他摇了摇头,苦笑道:“若非靠着几分内力强压,恐怕老夫早已不在人世了。”
“.......”
邱白凝神细听,这与他知道的情况大致吻合,但多了西域头陀下毒的细节。
他好奇追问道:“西域头陀?先生可认得那番僧的来历?”
韩千叶闻言,微微摇了摇头,道:“那人武功路数怪异,不似中土一脉。”
“看其做派,倒像是投靠了元廷的西域高手。”
“至于说,具体来历,却是不知。”
“哼,管他什么来历!”
金花婆婆在一旁冷声道:“若让老身再遇到他,定要他尝尝我这金花的滋味!”
邱白沉吟片刻,沉声道:“既是西域奇毒与寒毒混合,找寻常中原大夫,确实难以对症。”
“需得寻访精通毒理,尤其是西域毒术的名家,或有一线希望。”
金花婆婆倔强地抬起头,瞳孔中带着几分倔强,咬着牙说:“中原能人异士辈出,我就不信找不到能治的人,实在不行……”
她话到嘴边,似乎想到了什么。
立马硬生生的顿住,没有说下去。
邱白见她表情,心中顿时明了。
她大概是想说“实在不行,我就回某地”。
如此言语,或是去求那位她不愿提及的故人。
韩千叶显然知道妻子未尽之语,他拍了拍金花婆婆的手背,以示安慰。
“邱小友,多谢关心。”
随即,他站起身来,朝邱白拱了拱手。
“我夫妇还要继续寻访名医,便不久留了。”
他顿了顿,看着邱白,语气诚恳地提醒道:“小友,你也速速离开这是非之地吧。”
“如今这临安城,对你而言,绝非善地,万事小心。
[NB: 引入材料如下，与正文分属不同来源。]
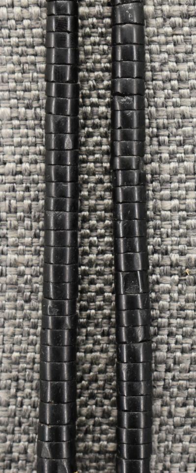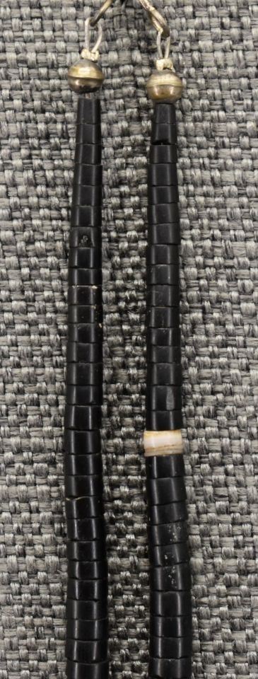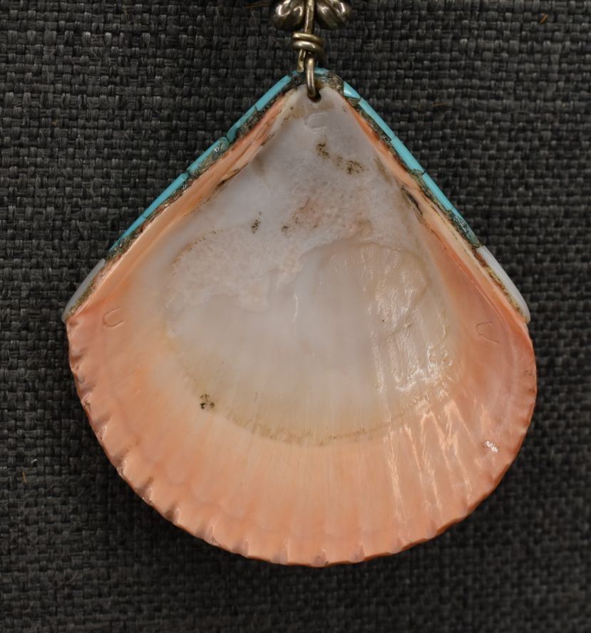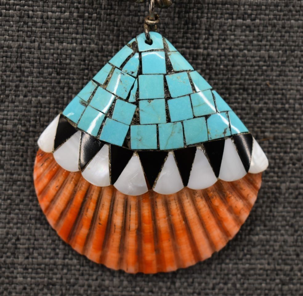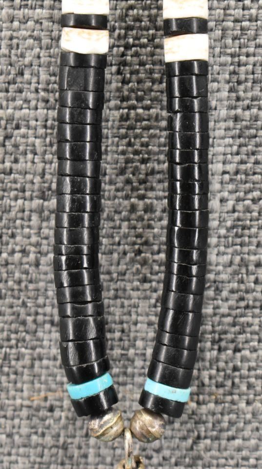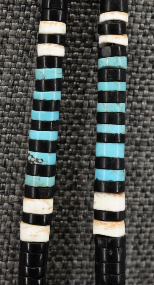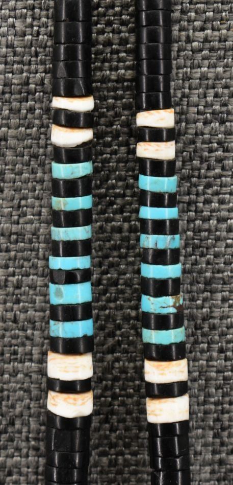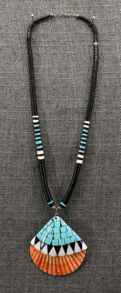 1970-80's Santo Domingo, single strand of Jett shell and turquoise beads 22" long with overlay shell pendant with turquoise Jett and shell design 3" x 3"

”
说完,他与金花婆婆对视一眼,两人不再停留,转身下楼而去。
邱白看着他们消失在楼梯口的背影,心中思绪转动。
韩千叶的伤势,看来比想象中更复杂。
那西域头陀,会是后来赵敏手下的高手,明教右使范瑶吗?
他摇了摇头,将这些念头暂时压下。
此刻,酒楼二楼已是空空荡荡,只剩下他和苏百草的尸体,以及几个瑟瑟发抖的伙计。
而武当张五侠弟子现身临安望湖楼的消息,已是如同长了翅膀一般,迅速传遍了临安城。
可以预见,一场风波,即将因他而起。
邱白端起已经微凉的龙井茶,轻轻呷了一口,目光投向窗外繁华的街市,嘴角却勾起一抹若有若无的弧度。
“临安这趟浑水,是时候变清亮了。”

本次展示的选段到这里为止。